The people who have shown the most interest in BestMatch thus far are senior-level salespeople at carriers, some of whom have compared the tool to radar, Shary says. BestMatch gives them the ability to look “on the horizon” from a central source to see what kind of patterns are developing for loads in what lanes.

“(BestMatch) is a very quick means of reaching out to a shipper and asking them if they are interested in discussing further,” Parsely says.

In the early stages of BestMatch, Shary has seen carriers increase business with key customers by multiples – not because they weren’t already talking, but because the real-time visibility gave both parties confidence to rearrange supply and demand.

TMW Systems acquires IDSC
TMW Systems, a provider of enterprise management software to the North American transportation industry, acquired Integrated Support Decision Corp. (IDSC), a provider of optimization-based decision support software for the trucking industry. IDSC’s software is designed to work with all major dispatch and operations software platforms, providing solutions to carriers looking to achieve higher revenue per loaded mile, control the route and minimize fuel and out-of-route costs. Terms of the acquisition were not disclosed.

“This announcement represents one more step in our strategy to create a portfolio of solutions to the transportation industry of unprecedented breadth, quality and value,” says Dave Wangler, president and chief executive officer of Cleveland-based TMW Systems. “TMW’s mission is to deliver products that deliver compelling competitive advantage with a minimum of risk for customers.”

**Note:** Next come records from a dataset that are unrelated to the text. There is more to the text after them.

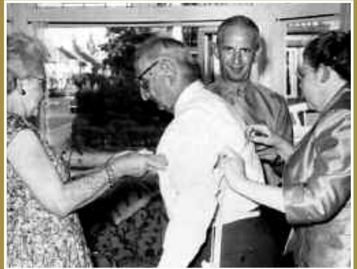
Een heer wordt de maat genomen voor zijn eeuwfeestkostuum.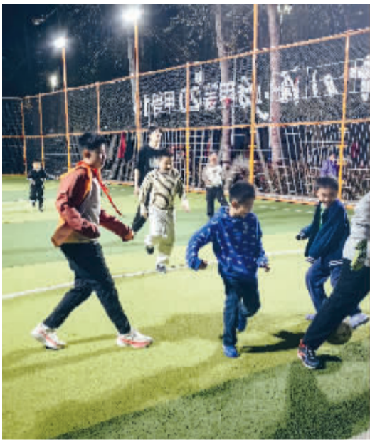
■晚上,希望绿洲公园里孩子们在足球场上踢球。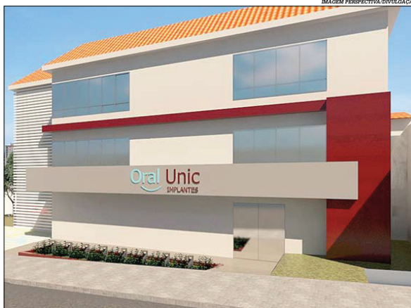
Foram investidos cerca de R$ 1 milhão na estrutura da unidade localizada em Betim

Oral Unic traz para Betim o conceito All-in-one , que possibilita ao paciente realizar todos os exames e acompanhamentos neces-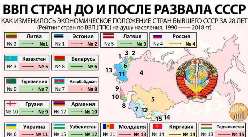
ИЗМЕНЕНИЕ ВВП (ППС) НА ДУШУ НАСЕЛЕНИЯ С 1990 ПО 2018 ГГ, $

1. Используя предложенную инфографику, проанализируйте изменения ВВП стран – республик бывшего Советского Союза в период с 1991 по 2018 гг.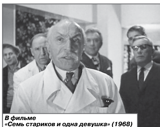
В фильме «Семь стариков и одна девушка» (1968)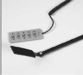
Módulo con teclas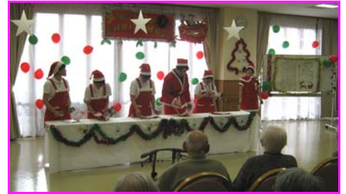
職員によるハンドベルの演奏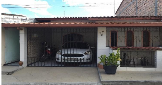
Figura 5: Residência e a entrada do Terreiro de Odé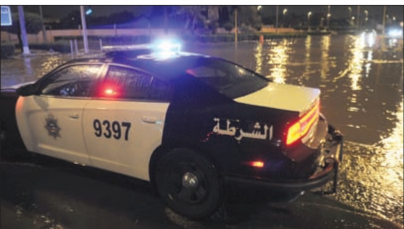
سيارات الشرطة في أحد المواقع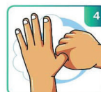
ESFREGUE ENTRE DEDOS

TMW says that with IDSC’s decision support solutions combined with its own ERP and fleet maintenance applications, it can provide a seamless solution for the results-driven trucking company, or focused complementary solutions that address specific needs. In addition, IDSC’s and add significant strength to TMW’s broad portfolio of Internet-based applications, according to TMW.

Customers of both companies will benefit from this acquisition through expanded products and services, broader geographic reach and greater scale, TMW says. TMW Systems already has extended its Lifetime Support Policy to include IDSC’s entire product line.

TMW plans to accelerate growth of IDSC products, expand R&D investments and increase employment. “With access to TMW’s more than 1,500 customers, and TMW’s considerable technology, personnel and financial resources, we have an unparalleled opportunity to grow our customer base,” says Richard Murphy, CEO of Richardson, Texas-based IDSC.

Customers will see additional improvements in support, accelerated innovation and improved integration, IDSC says; all of its products will be supported, enhanced and expanded, including Netwise Enterprise, Netwise Frontline, Match Advice Netwise Supply Chain, Expert Fuel, Trip Alert, Route Advice, and

AOS, ObjectFX develop browser- based solution
Add On Systems (AOS), a developer of trucking software for the System i server, has partnered with ObjectFX to deliver a product called FleetScape designed to give fleet executives and managers a new browser-based interface to streamline decision making.

AOS says the new FleetScape product will allow users to pull up a dynamic map on a Web browser that shows a variety of information about their operations, including the location of trucks, trailers, containers, warehouses, fuel stops, repair facilities and drop yards.

The software also will provide a variety of analytics designed to help companies monitor and improve their operations. FleetScape is scheduled to be available in the fourth quarter.